§ TASK TO CARRY OUT: Give the data again exactly as it appears, excluding any pictures.

§ SUPPLIED DATA:
● ● ● ● ●
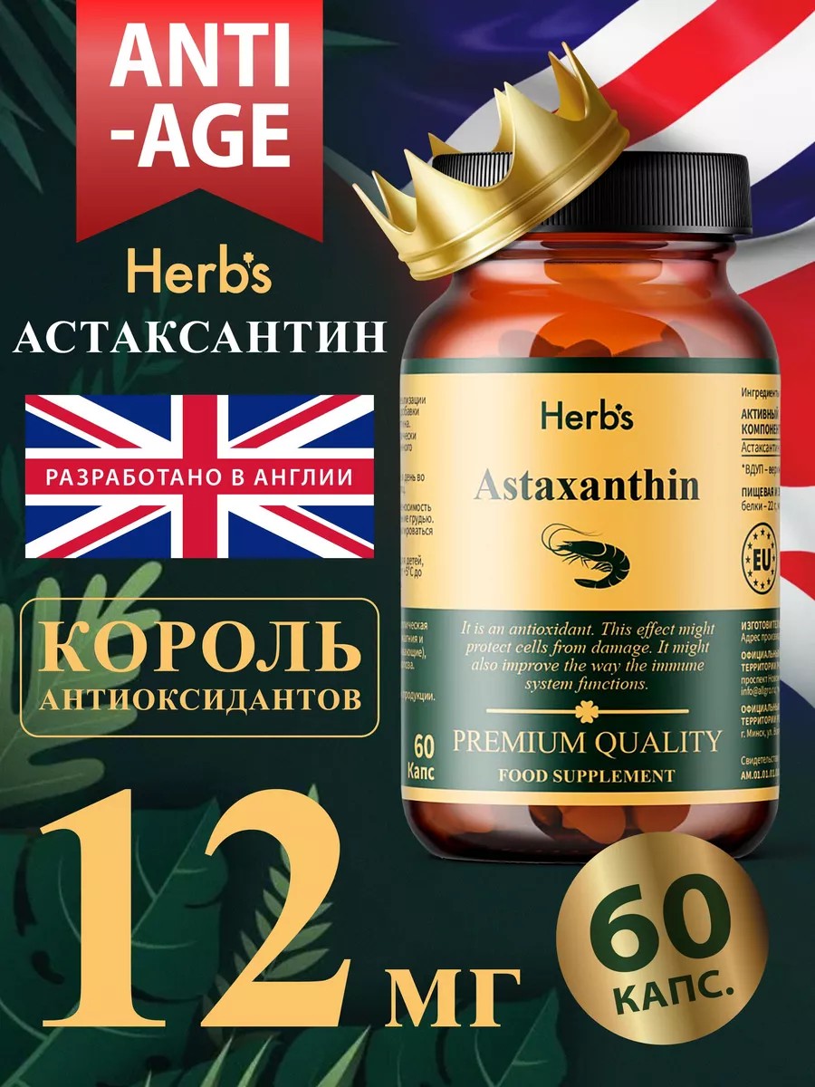 Dietary supplement "Astaxanthin." 364 mg capsules containing the antioxidant astaxanthin. Antioxidants play a vital role in maintaining our health by protecting the body from free radicals that can cause harm. Is there an antioxidant that surpasses all others? The answer can be found in the depths of the ocean, where astaxanthin lives. Astaxanthin is a xanthophyll carotenoid, a naturally occurring substance. Astaxanthin was first isolated from lobster meat in 1938. Natural sources of astaxanthin include algae, yeast, salmon, trout, krill, shrimp, and crayfish. However, technology advances, and leading European scientists and doctors have learned to synthesize astaxanthin in the laboratory, such as our dietary supplement Astaxanthin Herbs. Numerous studies show that synthetic astaxanthin is just as effective as astaxanthin extracted from algae and marine life, while being less expensive to produce. Astaxanthin is a lipophilic compound, meaning it dissolves readily in oils. Due to its chemical structure, astaxanthin is more potent than other antioxidants. It is able to bind internal and external cell membranes, making it effective in combating free radicals. In fact, astaxanthin is 550 times more potent than vitamin E and 6,000 times more potent than vitamin C. It is also 10 times more effective than zeaxanthin, lutein, canthaxanthin, and beta-carotene. However, astaxanthin's bioavailability is not very high. To improve its absorption, it is recommended to take it with dietary oils, such as fish oil, which is also a source of omega-3. This allows the body to better absorb astaxanthin and reap its beneficial properties. Astaxanthin's antioxidant effect stems from its ability to inhibit oxidation. The human body constantly produces free radicals and reactive oxygen species, which can damage cells and lead to various diseases. Antioxidants like astaxanthin help neutralize these free radicals and protect the body from damage. Carotenoids, which include astaxanthin, have unique biological benefits due to their chemical structure and interaction with cell membranes. Astaxanthin, due to its high antioxidant activity, has been nicknamed the "king of carotenoids." It surpasses other carotenoids, such as lutein, lycopene, alpha-carotene, and beta-carotene. Thus, astaxanthin is a powerful antioxidant that can be beneficial for maintaining overall health. It is important to note that the effectiveness of astaxanthin can be increased when combined with dietary oils, and therefore it is recommended to take it together with fish oil or other sources of omega-3.
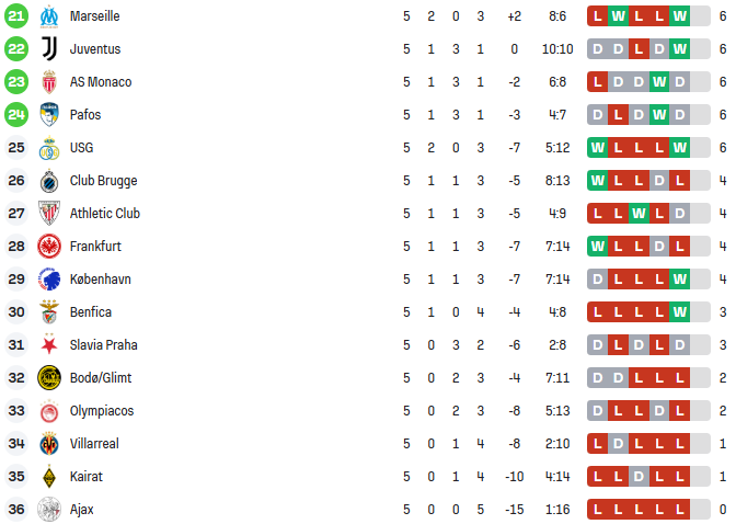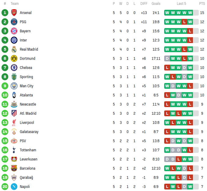 Αυτή είναι η βαθμολογία του Τσάμπιονς Λιγκ μετά την ολοκλήρωση της πέμπτης αγωνιστικής της League Phase.
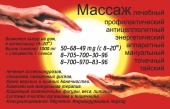 | Описание | МАССАЖ ЛЕЧЕБНЫЙ:МАНУАЛЬНЫЙ,ДЕТСКИЙ, ТАЙСКИЙ,АППАРАТНЫЙ ,АНТИЦEЛЛЮЛИТНЫЙ. КОРРЕКЦИЯ ПОЗВОНОЧНИКА.ВЕСА,ФИГУРЫ.ПИТАНИЯ. РЕАБИЛИТАЦИЯ :Д.Ц.П,ИНСУЛЬТ,ИНФАРКТ,ПЕРЕЛОМЫ... ВЫЕЗД НА ДОМ. ЗАПИСЬ ПРЕДВАРИТЕЛЬНАЯ. 87057003096 | |
● ● ● ● ●
§ TASK RESULT:
 Dietary supplement "Astaxanthin." 364 mg capsules containing the antioxidant astaxanthin. Antioxidants play a vital role in maintaining our health by protecting the body from free radicals that can cause harm. Is there an antioxidant that surpasses all others? The answer can be found in the depths of the ocean, where astaxanthin lives. Astaxanthin is a xanthophyll carotenoid, a naturally occurring substance. Astaxanthin was first isolated from lobster meat in 1938. Natural sources of astaxanthin include algae, yeast, salmon, trout, krill, shrimp, and crayfish. However, technology advances, and leading European scientists and doctors have learned to synthesize astaxanthin in the laboratory, such as our dietary supplement Astaxanthin Herbs. Numerous studies show that synthetic astaxanthin is just as effective as astaxanthin extracted from algae and marine life, while being less expensive to produce. Astaxanthin is a lipophilic compound, meaning it dissolves readily in oils. Due to its chemical structure, astaxanthin is more potent than other antioxidants. It is able to bind internal and external cell membranes, making it effective in combating free radicals. In fact, astaxanthin is 550 times more potent than vitamin E and 6,000 times more potent than vitamin C. It is also 10 times more effective than zeaxanthin, lutein, canthaxanthin, and beta-carotene. However, astaxanthin's bioavailability is not very high. To improve its absorption, it is recommended to take it with dietary oils, such as fish oil, which is also a source of omega-3. This allows the body to better absorb astaxanthin and reap its beneficial properties. Astaxanthin's antioxidant effect stems from its ability to inhibit oxidation. The human body constantly produces free radicals and reactive oxygen species, which can damage cells and lead to various diseases. Antioxidants like astaxanthin help neutralize these free radicals and protect the body from damage. Carotenoids, which include astaxanthin, have unique biological benefits due to their chemical structure and interaction with cell membranes. Astaxanthin, due to its high antioxidant activity, has been nicknamed the "king of carotenoids." It surpasses other carotenoids, such as lutein, lycopene, alpha-carotene, and beta-carotene. Thus, astaxanthin is a powerful antioxidant that can be beneficial for maintaining overall health. It is important to note that the effectiveness of astaxanthin can be increased when combined with dietary oils, and therefore it is recommended to take it together with fish oil or other sources of omega-3.
 Αυτή είναι η βαθμολογία του Τσάμπιονς Λιγκ μετά την ολοκλήρωση της πέμπτης αγωνιστικής της League Phase.
 | Описание | МАССАЖ ЛЕЧЕБНЫЙ:МАНУАЛЬНЫЙ,ДЕТСКИЙ, ТАЙСКИЙ,АППАРАТНЫЙ ,АНТИЦEЛЛЮЛИТНЫЙ. КОРРЕКЦИЯ ПОЗВОНОЧНИКА.ВЕСА,ФИГУРЫ.ПИТАНИЯ. РЕАБИЛИТАЦИЯ :Д.Ц.П,ИНСУЛЬТ,ИНФАРКТ,ПЕРЕЛОМЫ... ВЫЕЗД НА ДОМ. ЗАПИСЬ ПРЕДВАРИТЕЛЬНАЯ. 87057003096 | |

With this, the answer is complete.